ZAZYが『R-1グランプリ』準優勝で抱いた悔恨と野心
3月7日に開催された『R-1グランプリ』決勝、ZAZYはファーストステージ1位で勝ち上がるも、ファイナルステージでゆりやんレトリィバァに破れ2位に終わった。フリップの端がクリップで留まったままになっているという大アクシデントもあった本大会を、本人はどう受け止めているのか。ネタづくりの細部から今後の展望まで聞いた。
R-1のあの数秒は体感で10分くらいあった
――『R-1グランプリ』準優勝おめでとうございます。この結果を自分の中ではどう受け止めていらっしゃいますか?
ありがとうございます。いや本当、優勝できたのにな……っていうところですかね。
――「優勝できるかもしれない」と思ったのはどのあたりのタイミングだったんでしょう。
1本目終わったときはまだ「点数高っ!」くらいに思ってましたけど、そこからみなさんの点数が伸び悩んだというか(笑)。最後ゆりやんが10組目でやって、僕がギリギリ競り勝ったじゃないですか。そこで「あれ? 優勝ちゃうん?」って思ったかもしれません。2本目やるときには完全に「これは優勝や。流れ来てるやん」と思ってフワッフワしてたから、多分クリップも見落としたんでしょうね。

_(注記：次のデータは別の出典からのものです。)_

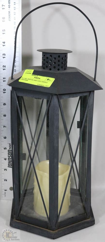 METAL AND GLASS LED CANDLE LANTERN
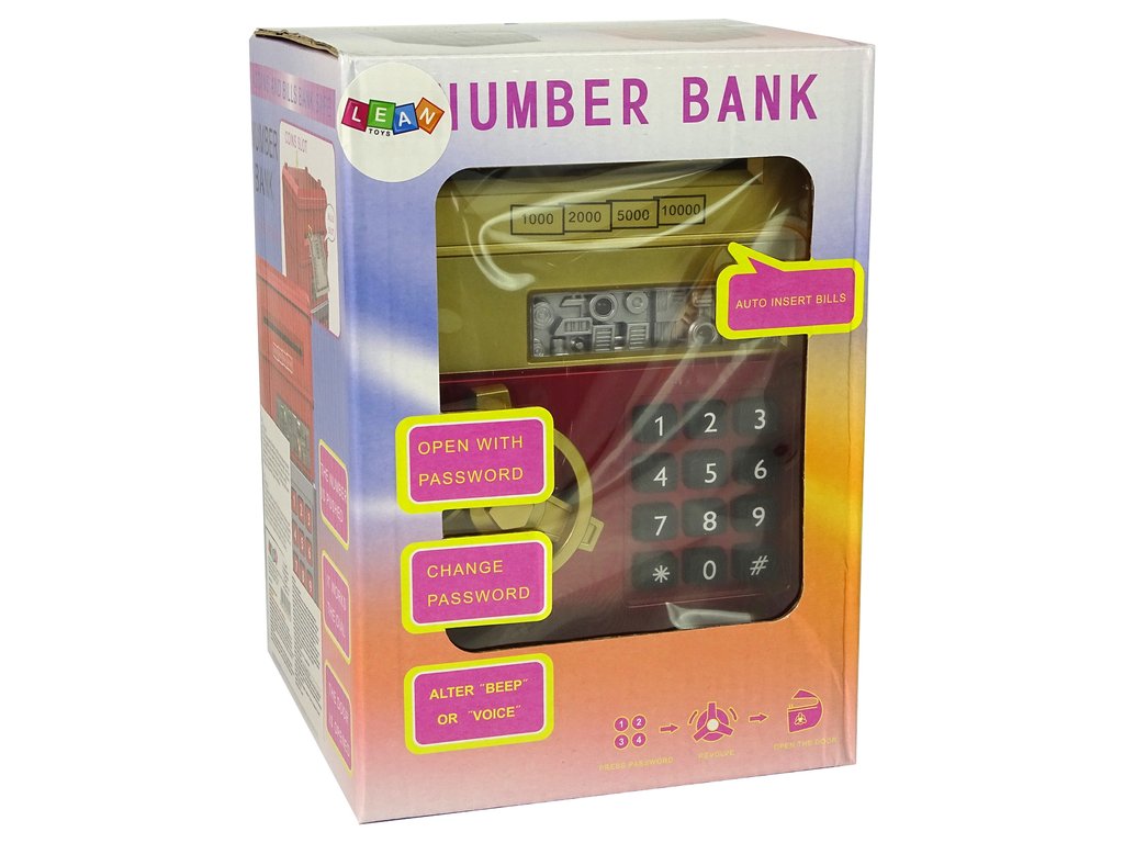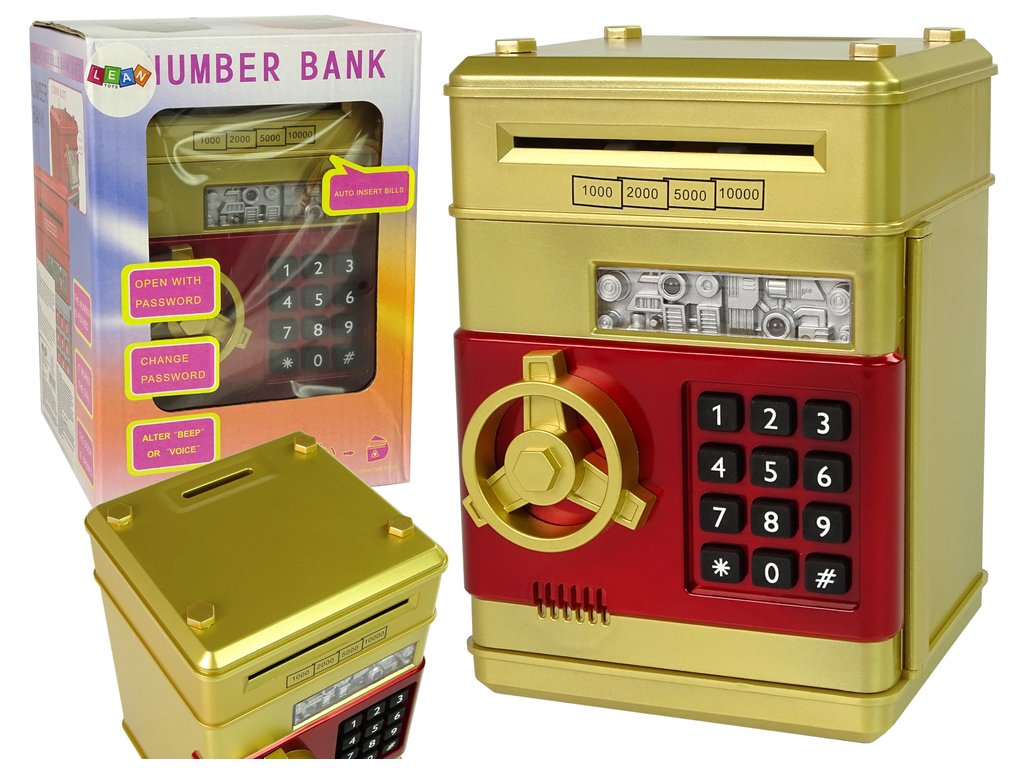 Celé je vyrobeno z plastu, což je bezpečné pro malé děti. Sejf má zlatě-červenou barvu. Dokonale zapadne do dětského pokoje.

――すでにあちこちで話されてると思いますが、なぜクリップが……。
僕も普段なら最終チェックをするんですけど、あのときはフワフワしてたので。完全にミスですね。めくるとき、最初は糊付けされてると思ったんですよ。そこから「取れへん……クリップやん! クリップ付いとる、取れへん、『あっ』、あ、賞レースで『あっ』とか言ってもうた、フォローしようかな、いやもうめくっちゃったし……」みたいな。あの数秒は体感10分くらいありました。皆さんには見えてないかもしれないですけど、僕一旦ハケて水飲みました。
――早すぎて見えてないですね(笑)。あんまりフワフワしなさそうなイメージなので、意外です。
普段はそんなにしないですね。だからこそ余計に「あっ」って言ったとき、自分の素の部分が出ちゃった! みたいに焦りました。
――とはいえ準優勝という結果は残したわけで、放送後は周囲の反応も変わったんじゃないでしょうか。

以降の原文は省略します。